If you have an if statement & you want to return a value from inside it, then you need to make sure that both true & false conditions return a value. There are a couple ways to do that. One is to add an else clause with a return value:
float maximum(float a, float b)
{
if (a > b)
{
return a;
}
else
{
return b;
}
}
This way, no matter which path you take through the if statement, there is a return statement.
Another option is to move the return statement outside of the if statement entirely:
float maximum(float a, float b)
{
float max = b;
if (a > b)
{
max = a;
}
return max;
}
Then it doesn’t matter whether you go through the if statement, you still get to the return either way. This is my personal preference - you can come back & make changes to the function later on & you don’t have to worry about where your return statements are; there’s only one and it’s right there at the end.
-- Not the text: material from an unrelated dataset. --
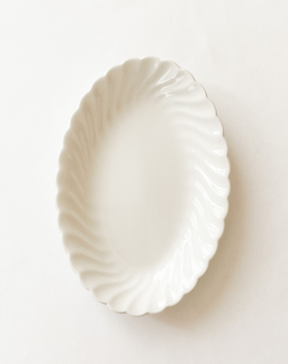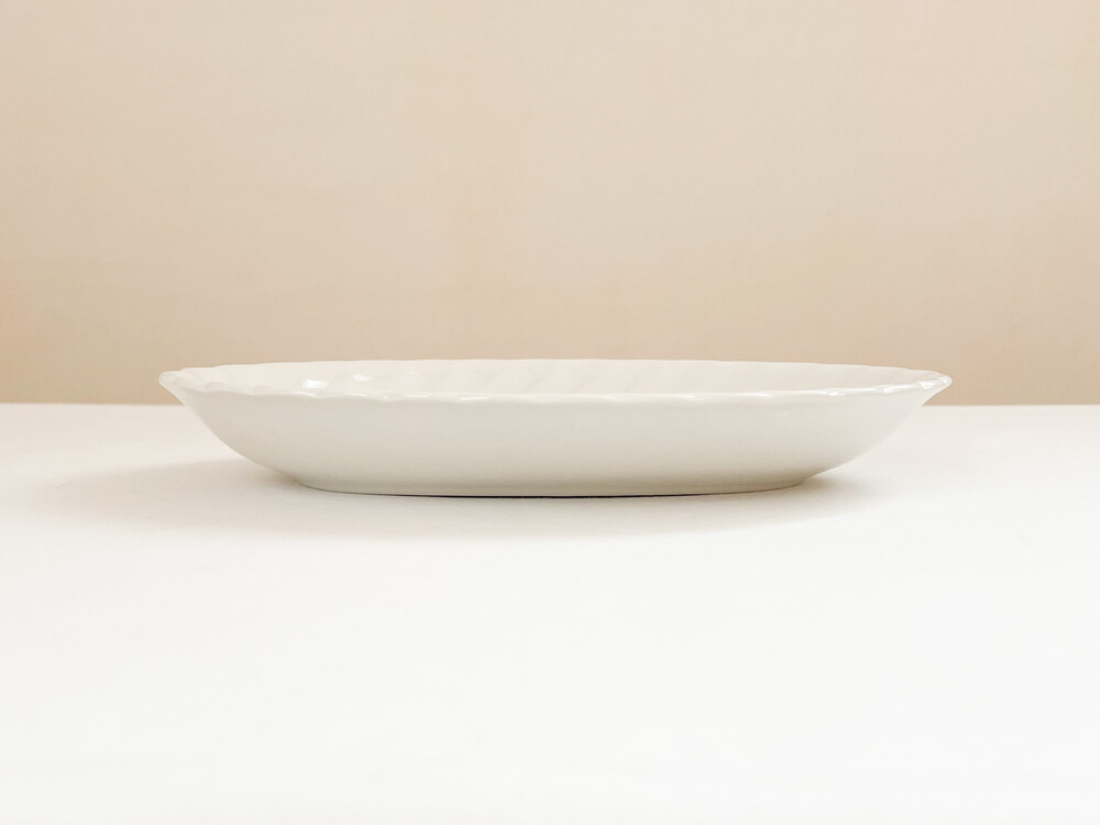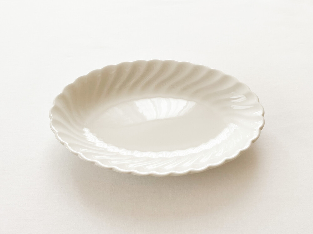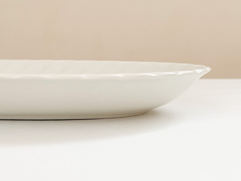 존슨브라더스는 1883년 영국 도자기의 중심지 스토크온트렌트에서 시작된 브랜드입니다. 화이트웨어라는 식탁의 기본이 될 수 있는 모티브를 가지고, 사용과 관리가 편리한 도기와 좋은 내구성이 좋은 자기의 특징을 두루 갖춘 테이블웨어를 만들었습니다. 1900년대에는 영국 왕실이 주최가되는 어워드에서 좋은성과를 거두며 가치를 증명하였고, 쓰임새좋은 생활용품과 훌륭한 수집품으로서의 위치를 유지하고 있습니다. 소개해드리는 제품은 1970년대에 제작 된 타원 접시입니다. 존슨브라더스 고유의 차분한 하얀색의 아이언웨어를 소재로하며, 완만하고 깊은 안정감 있는 실루엣으로 빚어졌습니다. 가장자리에는 가지런한 레이스 장식을 놓아 소재의 아름다움과 빛의 일렁임을 가득히 담아냅니다. 희소성이 무척 높은 시리즈로 귀한 수집품으로서의 의미가 충분하며, 적당한 크기와 비교적 넉넉한 깊이를 가지고 있어 일상에서 여러 용도로 사용하기에 알맞습니다. 샌드위치를 나란히 담아내는 그릇이나 수프 그릇으로, 따뜻한 커피가 담긴 컵과 비스킷 한조각을 함께 내는 트레이로 사용하기에 잘 어울립니다.

A boolean only has two values, true or false. In your original code you wrote
(firstTwoAngles == 120)
firstTwoAngles was declared as a boolean, and comparing a boolean to 120 doesn’t make any sense; you compare it to either true or false.
If you want to know whether the two angles passed in to the function add up to something between 0 and 120, you would do something like
float firstTwoAngles = firstAngle + secondAngle;
if ((firstTwoAngles >= 0.0) && (firstTwoAngles <= 120.0))
{
// do something here
}
&& is a logical operator, you only use it on boolean values. In your original code you wrote
(firstAngle && secondAngle)
Since firstAngle and secondAngle are both floats, you would never use && to combine them.